You may have to play with these ideas a little bit to get them to work. I haven't tested this.

I've realized that it is an advantage if the polygon is convex. You don't need to determine if a point is inside the polygon, but clipping a concave polygon can result in more than one polygon, and if you can assume that the convex polygon has clockwise vertices then you can connect intersection points in the clockwise direction. Otherwise you would probably need to use a ray from one of the intersection points parallel to the side of the rectangle to decide which direction was the inside direction.

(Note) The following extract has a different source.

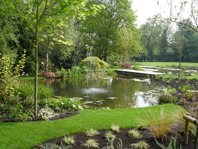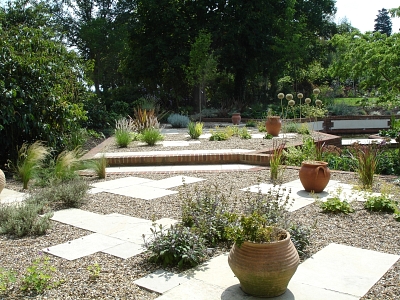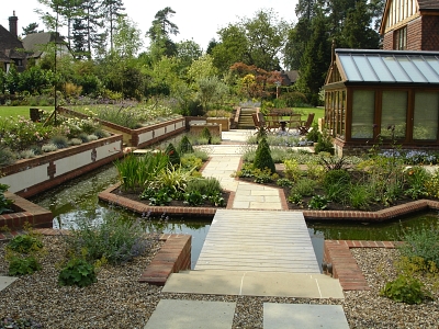Client brief: To design a garden with both traditional and contemporary elements for this new house. Inclusion of water is very important, as are extensive leisure areas and focal points.

You said it. ;) Actually clipping a concave polygon (with either a convex or concave) can result in more than 2 polygons but convex (with convex) can result in up to 2 polygons. That addes a lot of complexity.

There is no reason to test whether a point is in a polygon.
Whether the polygon is convex or concave, all you have to do is go along each vertex and edge in order.

That's a dangerous assumption by using only edges. Testing for edge intersection tells you only whether a polygon is completely inside or outside another polygon. If the cliping area is completely inside a selected polygon, the program will handle as if it does not touch the polygon at all.